Skip links

Privacy Shield Data Processing Agreement

How personal data transmitted between the EU and the US is protected. We take all necessary measures to ensure that our agreements with our international third-party suppliers (including subprocessers) contain appropriate obligations of these third parties with regard to the transfer and processing of European data outside Europe, and that we would establish an appropriate and legitimate data transfer mechanism (such as standard contractual clauses) and , if necessary, additional guarantees. For more details on the subprocessors we used, click here. Mailchimp restricts third-party access to its internal tools and infrastructure. Our legal team evaluates all access requests and ensures that the requirement is appropriate for the work to be done and that the third party complies with all the security and data protection rules outlined in their contract. After approval, Mailchimp only allows access to clearly defined parts of the system through controlled accounts. Given the EU-U.S. data protection shield and the Swiss-U.S. We no longer rely on the data protection shield as a data transfer mechanism. The data protection shield is no longer valid because of the ECJ`s recent ruling at Schrems II. However, to the extent that Mailchimp has ongoing obligations under our existing Privacy Shield certification, we will continue to comply with them, including by honouring direct remedies granted to individuals against Mailchimp, including a right to a binding arbitration procedure. In addition, the complexity of modern software applications that must be deployed on different platforms and devices has made software testing mandatory to prevent unauthorized authorities from accessing personal data. The additional urgency of the messages, which are constantly overflowing with successful cyberattacks, has also increased the need for in-depth quality assurance (QS) methods to maximize the use of software applications and the transmission of information over the internet.

A leading lawyer, Max Schrems, questioned the Privacy Shield agreement and argued that US security laws were inadequate and therefore did not protect EU citizens` data from surveillance. “Data protection laws” are all data protection and data protection laws and regulations applicable to the processing of personal data under the agreement, including, where appropriate, EU data protection law.

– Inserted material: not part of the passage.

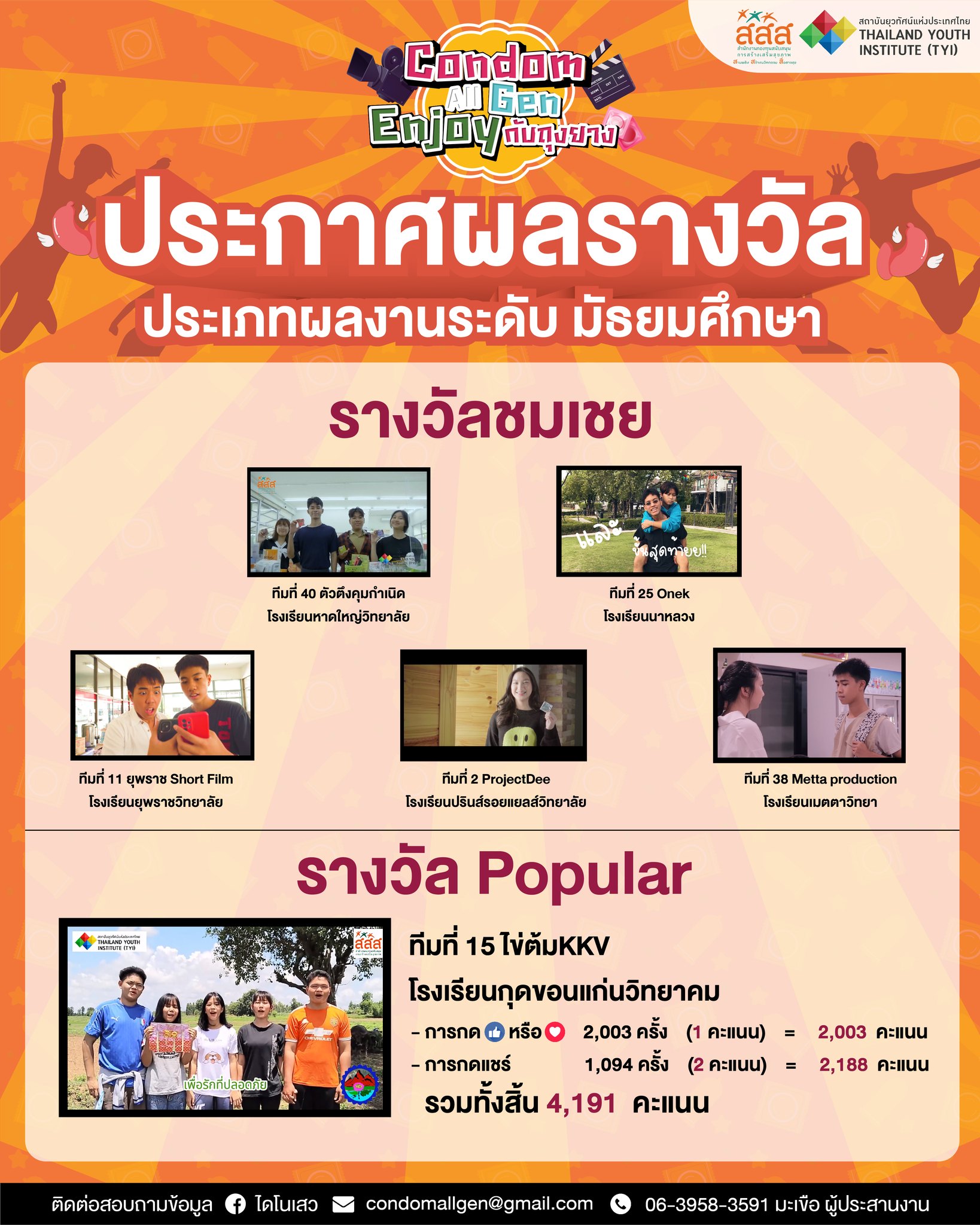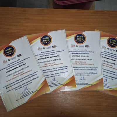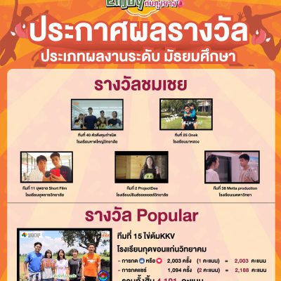 ขอชื่นชมและแสดงความยินดีกับนักเรียนที่ได้รับรางวัลชมเชย ประเภทผลงานระดับมัธยมศึกษา  จากโครงการประกวดโฆษณารณรงค์ หัวข้อ “Condom All Gen Enjoy กับถุงยาง”  ประกาศผลเมื่อวันที่ 21 สิงหาคม 2566     แข่งขันรูปแบบออนไลน์  จัดโดย สำนักงานกองทุนสนับสนุนการสร้างเสริมสุขภาพ (สสส.) และ สถาบันยุวทัศน์แห่งประเทศไทย (TYI)  (ระดับประเทศ)

The Privacy Shield Framework was an agreement between the EU and the US that aimed to “provide businesses on both sides of the Atlantic with a mechanism to comply with data protection requirements to support transatlantic trade,” as stated in the statement on the framework`s website. 2.3 Customer obligations. The client agrees (i) to fulfill his obligations as a processing manager in accordance with the data protection legislation relating to the processing of personal data and all the processing instructions he gives to Applivery; and (ii) it has obtained the consents and rights necessary to process personal data and provide services in accordance with the agreement and this Authority. Customers are increasingly aware of the importance of data protection and security. What is important is that Mailchimp does not sell, rent or exchange user data. Google, for example, is a provider of electronic communications services, which puts it in both categories.